# Lab 7: Turning Queries into Functions

## First, let's setup the database engine like we did last week

### Load DB credentials

In [None]:
import json

# TODO: make sure to download credentials from https://canvas.upenn.edu/files/89654914/download?download_frd=1
# save them to the base directory for this repo
with open("pg-credentials.json") as creds:
    creds = json.load(creds)

PASSWORD = creds["PASSWORD"]
HOST = creds["HOST"]
USERNAME = creds["USERNAME"]
DATABASE = creds["DATABASE"]
PORT = creds["PORT"]

### Create DB engine

In [None]:
from sqlalchemy import create_engine

engine = create_engine(f"postgresql://{USERNAME}:{PASSWORD}@{HOST}:{PORT}/{DATABASE}")

In [None]:
# make sure it works

engine.execute("SELECT 'Hello'").fetchone()

## Review

## Review from Lecture

* Query templates
* Putting a query template into a function for reusable code

## 0. Review: Query Templating

### Avoid SQL injection

![](https://imgs.xkcd.com/comics/exploits_of_a_mom.png)

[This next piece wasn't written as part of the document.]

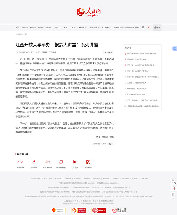 近日,由beat365在线唯一官网(江西老年开放大学)主办的“银龄大讲堂”(第九期)系列活动—“银龄话端午 传承民俗情” 专题讲座顺利举行,吸引了线上线下众多传统文化爱好者参与。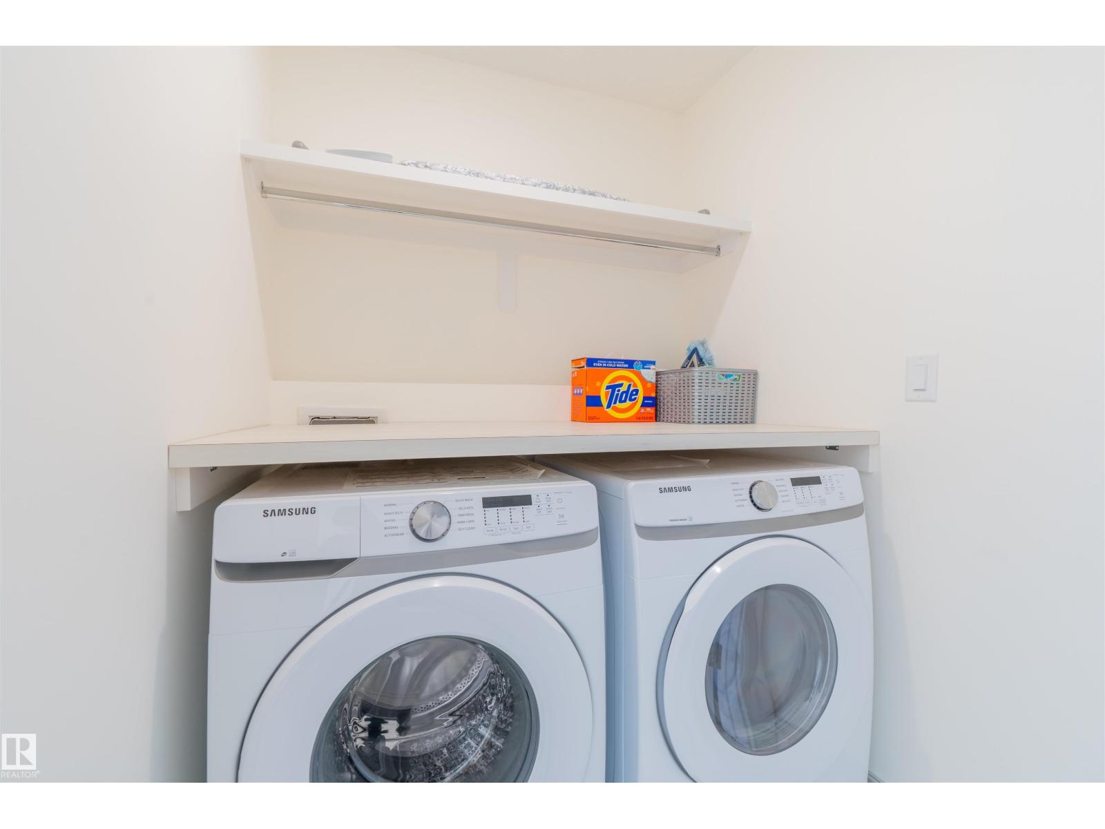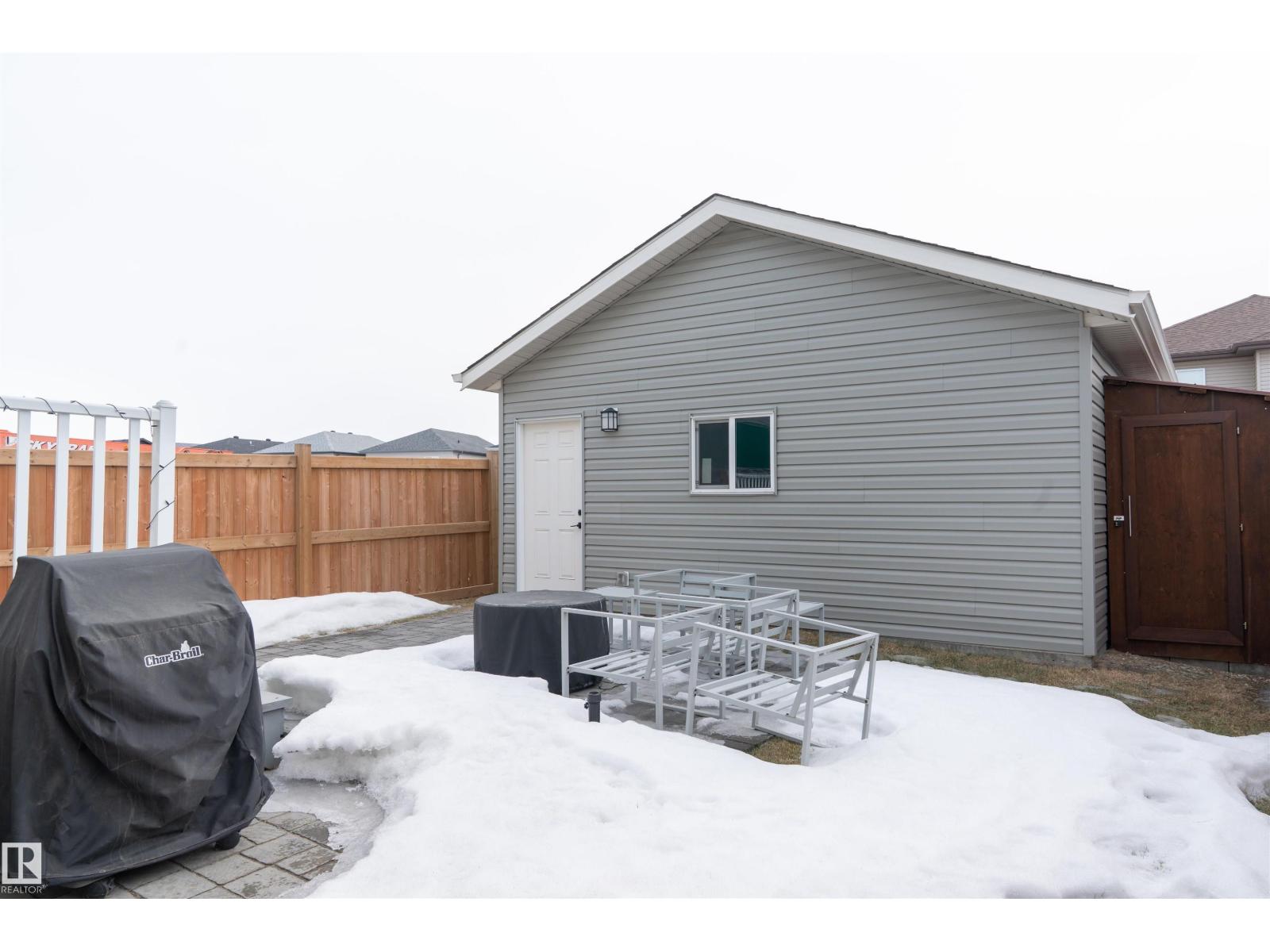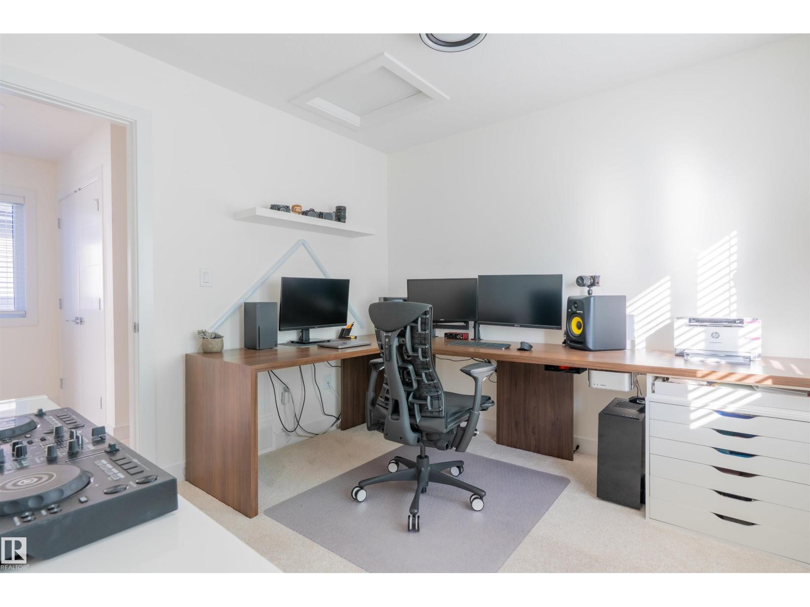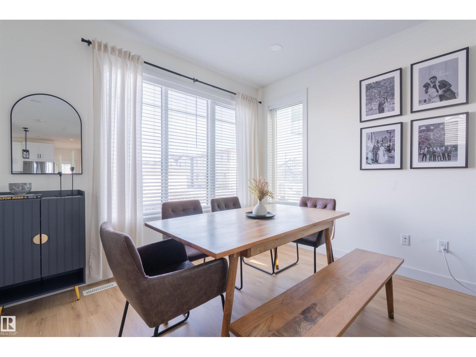 This modern 2-storey 1711 sq. ft. home located in Crystalina Nera, has had plenty of additional upgrades. The 9ft ceiling open-concept main floor boasts tons of natural light in the dining and living room area, with built-in living room shelving and a floating media console. The bright kitchen features stainless steel appliances adjacent to the walk-in pantry and den/bedroom, along with a 4-piece bathroom. The main floor also features functional wood slat storage feature walls in both the foyer and mudroom. Upstairs, the primary bedroom has custom wainscoting, a built-in walk-in closet, and a 5-pc ensuite. Additionally, the second floor hosts 2 more bedrooms, a 4-pc bathroom, and a laundry room. The unfinished basement has 2 windows and a separate entrance, perfect for future development into a legal suite, earning extra monthly income.This home also has air conditioning and has been fully landscaped, with a flower bed added in front and a deck and stone pathway leading to a double garage in the back. (id:63190)

### Let's see how SQLAlchemy templates our queries

**Valid Inputs**

In [None]:
from sqlalchemy.sql import text

q = text("SELECT name, totaldocks, docksavailable FROM indego_station_status LIMIT :num")

In [None]:
str(q.bindparams(num=2).compile(bind=engine, compile_kwargs={"literal_binds": True}))

In [None]:
engine.execute(q, num=2).fetchall()

**Invalid Inputs**

In [None]:
str(q.bindparams(num='2; select * from andys_cookies;').compile(bind=engine, compile_kwargs={"literal_binds": True}))

In [None]:
engine.execute(q, num='2; select * from andys_cookies;').fetchall()

Good news :) SQLAlchemy saved us!

### If we templated the string using Python string functions...

In [None]:
qtext = "SELECT * FROM indego_station_status LIMIT {num}"

num = '2; SELECT * FROM andys_cookies;'
print(qtext.format(num=num))

**Uh oh**. Notice that another query was 'injected' into our templated query without proper quotes.

Let's execute it to see what happens...

In [None]:
engine.execute(qtext.format(num=num)).fetchall()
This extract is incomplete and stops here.